TÜRK-İŞ TEKEL İŞÇİLERİNE KUCAK AÇMAYA DEVAM EDECEK
TÜRK-İŞ’in, TEKEL işçilerine ilk günden beri kucak açtığını ve TEK GIDA-İŞ Sendikası'nın istediği her türlü etkinliği hayata geçirdiğini hatırlatan Atalay, “TÜRK-İŞ, TEKEL işçilerinin eylemini haklı bulduğu içindir ki, eylemin başladığı günlerde Başkanlar Kurulu kararıyla sürekli eylem kararı almış, dört hafta Cuma günleri işe geç gelme eylemi gerçekleştirmiş; Ak Parti il binaları ölünde kitlesel basın toplantıları düzenlemiştir.
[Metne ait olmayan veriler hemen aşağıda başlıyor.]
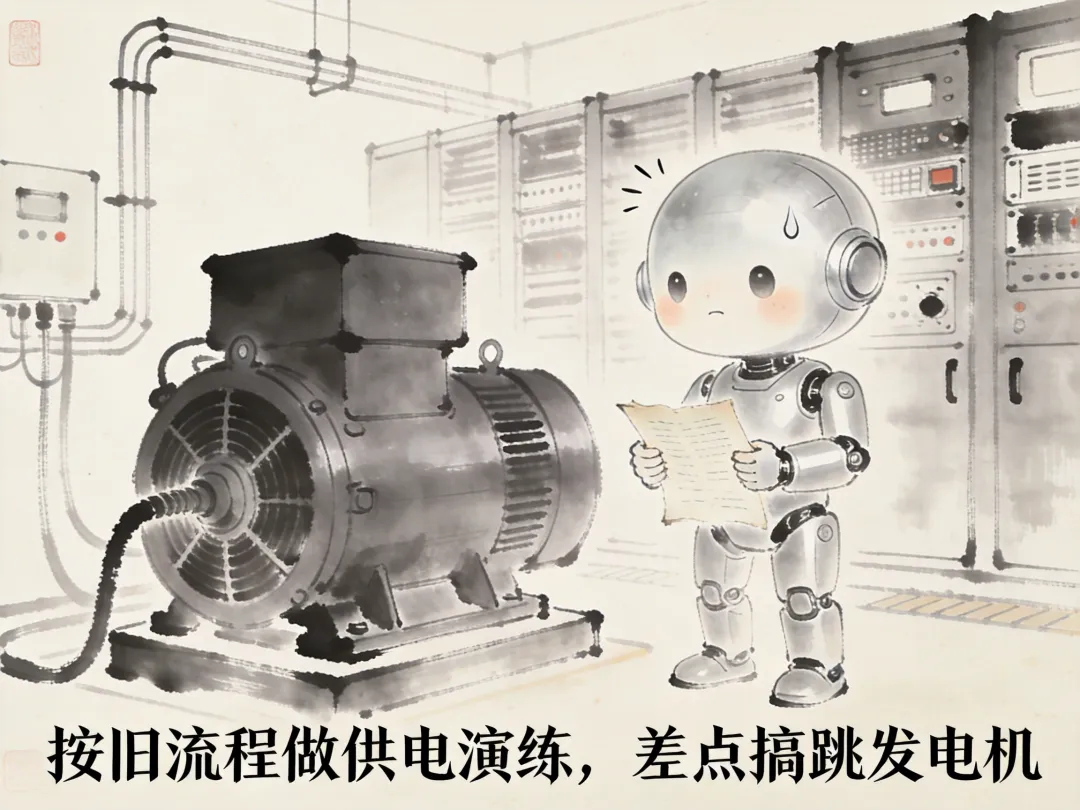 ❧ 照着旧文档做应急供电演练,合完闸才发现发电机的负载分配早就改了,差点跳机

Son 25 yılın en büyük kitlesel mitingini düzenlemiş, altı konfederasyonla birlikte 'bir günlük çalışmama hakkının kullanılması' eylemini hayata geçirmiş ve son olarak da dört Konfederasyonla birlikte Türkiye çapında tüm sendika temsilcilerinin 20 Şubat 2010 günü TEKEL işçileri ile birlikte gecelemesi kararı alınmıştır” diye konuştu.
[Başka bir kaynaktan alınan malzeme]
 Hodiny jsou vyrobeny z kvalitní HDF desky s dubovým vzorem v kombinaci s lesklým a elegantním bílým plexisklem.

Atalay, TÜRK-İŞ’in TEKEL işçilerine kucak açmaya devam edeceğini de belirterek, “TEKEL eylemini ve TÜRK-İŞ’i zorda bırakacak her türlü girişim kimden gelirse gelsin sonuçsuz kalacaktır. TÜRK-İŞ kurulduğu günden bu yana temsil ettiği kitlenin ve ülkesinin hak ve menfaatlerini koruyarak hareket etmiştir ve etmeye devam edecektir” dedi.